# E8400 overclock @4GHz: Is it worth it?



## MatTheCat (Mar 23, 2010)

Having upgraded my gfx card from a 4870 to a 5850, I heeded someones advice (on this forum, I forget who), to push my E8400 CPU up to 4GHz (from 3.85GHz).

However, to attain this I had to push my vCore (CPU coltage) up from 1.306v, to 1.35v. Quite a few step ups in voltage increments to acheive an extra 150MHz on the clock. Furthermore, the benchmarks I am using (Heaven and 3dMark06) are indicating that I am not getting particulary overly fantastic performance improvements for putting all these extra volts through my CPU.

Please could someone explain to me why it is beneficial to have an E8400 running at 4GHz over say 3.85GHz or even 3.6GHz? Like I say, I decided in the past that 4GHz wasn't worth it but someone on here said that because I was getting a 5850, that I should push CPU to 4GHz


----------



## trickson (Mar 23, 2010)

You will not see much of a difference from 3.8GHz to 4.0 GHz but you will see it in benchmarks is all . I would push that CPU as high as you can , I mean what is the point of doing some thing half ass and later say I could do this . Hell mine is running flat out @ 4.2GHz 1.45 Vcore . Hell if it breaks get a new one  , I say .


----------



## Goodman (Mar 23, 2010)

From 3.6GHz to 4GHz yeah! 
but if you're already at 3.85GHz then no , you won't notice much difference maybe 1-2 fp/s more in games 

I'll say keep it the way it is it's fast enough


----------



## qubit (Mar 23, 2010)

My E8500 (3.16GHz stock) is running at 4.11GHz 24/7 and is wickedly fast. Now that might not be that much faster than 3.8GHz, but as they say, every little helps. Helpfully, mine is an E0 stepping that overclocks like this easily, without strain. If you have to nail yours to the wall to achieve this performance, then it's probably not worth it.

I even got it up to 4.8GHz when new, to see how far I could go. However, my air cooling (Zalman 7700) wasn't sufficient to keep the temperature in check and it was hitting 80C+ even with the fan at full blast. It's very stable, however. With proper water cooling, this thing could do 5GHz.


----------



## ZenEffect (Mar 23, 2010)

3.85 to 4 isnt that big of a jump... i guess it really depends on how temps are at 1.35v.  if temps are good i say go for it.


----------



## Black Panther (Mar 23, 2010)

To know whether it's worth or not keep an eye on the temperatures when both cores are at 100% load. If it doesn't go over 60 C then it's worth. If it goes over... well it isn't worth having your cpu throttle down while playing a cpu-intensive game is it?

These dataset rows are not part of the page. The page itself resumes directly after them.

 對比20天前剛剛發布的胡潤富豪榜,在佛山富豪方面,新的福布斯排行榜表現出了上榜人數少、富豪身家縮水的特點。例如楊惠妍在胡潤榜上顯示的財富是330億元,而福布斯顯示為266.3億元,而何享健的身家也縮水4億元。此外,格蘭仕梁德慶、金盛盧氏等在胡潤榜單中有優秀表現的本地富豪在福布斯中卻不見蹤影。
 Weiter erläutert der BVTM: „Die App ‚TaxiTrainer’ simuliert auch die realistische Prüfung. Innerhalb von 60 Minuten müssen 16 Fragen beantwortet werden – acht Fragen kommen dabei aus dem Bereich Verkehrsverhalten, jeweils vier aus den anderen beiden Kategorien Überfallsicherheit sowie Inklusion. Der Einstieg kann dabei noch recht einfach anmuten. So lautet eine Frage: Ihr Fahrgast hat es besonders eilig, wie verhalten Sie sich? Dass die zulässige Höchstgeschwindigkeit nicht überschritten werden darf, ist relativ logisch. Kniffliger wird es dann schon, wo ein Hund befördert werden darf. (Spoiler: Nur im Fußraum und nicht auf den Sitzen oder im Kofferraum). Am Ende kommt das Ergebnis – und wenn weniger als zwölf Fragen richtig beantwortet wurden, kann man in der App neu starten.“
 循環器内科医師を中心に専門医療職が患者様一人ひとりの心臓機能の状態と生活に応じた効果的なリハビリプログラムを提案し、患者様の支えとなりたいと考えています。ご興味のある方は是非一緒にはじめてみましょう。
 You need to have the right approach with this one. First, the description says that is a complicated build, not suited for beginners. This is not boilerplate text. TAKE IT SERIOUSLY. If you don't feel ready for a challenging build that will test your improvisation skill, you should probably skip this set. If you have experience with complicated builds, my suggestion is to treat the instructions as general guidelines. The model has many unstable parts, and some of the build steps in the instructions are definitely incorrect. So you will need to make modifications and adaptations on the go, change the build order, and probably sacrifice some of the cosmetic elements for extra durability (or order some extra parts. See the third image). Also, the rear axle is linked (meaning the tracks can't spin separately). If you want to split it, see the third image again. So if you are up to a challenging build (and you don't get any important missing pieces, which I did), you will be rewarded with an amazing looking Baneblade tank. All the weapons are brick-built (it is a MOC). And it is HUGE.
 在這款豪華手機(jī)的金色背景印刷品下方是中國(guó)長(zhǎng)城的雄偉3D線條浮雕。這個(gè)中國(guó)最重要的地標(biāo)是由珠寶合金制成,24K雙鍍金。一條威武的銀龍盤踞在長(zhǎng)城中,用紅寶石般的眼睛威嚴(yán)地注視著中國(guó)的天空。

I run my E8400 at 4Ghz myself, on air. While on the net I'm crunching at 100% cpu usage. If I'm not crunching I'd be gaming. 

Unless I'm mistaken the max vcore for the E8400 according to intel is 1.45
I put mine at 1.3275 in the bios, and vdroop from the mobo drops it to lower than 1.2 at load. But so far so good it's been running like this for long months now with no problems at all.
Definitely don't try over 1.45V though.


----------



## trickson (Mar 23, 2010)

Yeah do not go over that 1.45 mark not good for the CPU .


----------



## Sasqui (Mar 23, 2010)

What are you hitting for a FSB?

I've had my E8600 over 5 Ghz, gotta love that 10x multiplier


----------



## ZenEffect (Mar 23, 2010)

Black Panther said:


> To know whether it's worth or not keep an eye on the temperatures when both cores are at 100% load. If it doesn't go over 60 C then it's worth. If it goes over... well it isn't worth having your cpu throttle down while playing a cpu-intensive game is it?
> 
> I run my E8400 at 4Ghz myself, on air. While on the net I'm crunching at 100% cpu usage. If I'm not crunching I'd be gaming.
> 
> ...



even a cpu intensive game isnt going to heat up the cores like crunching would... would never run the risk of cpu throttling.  TjMax is 95C i believe?  1.45 seems about right however i personally wouldnt go over 1.370 just for paranoia sake.  ive owned a few e8500's and never had any problems with them running at those volts.  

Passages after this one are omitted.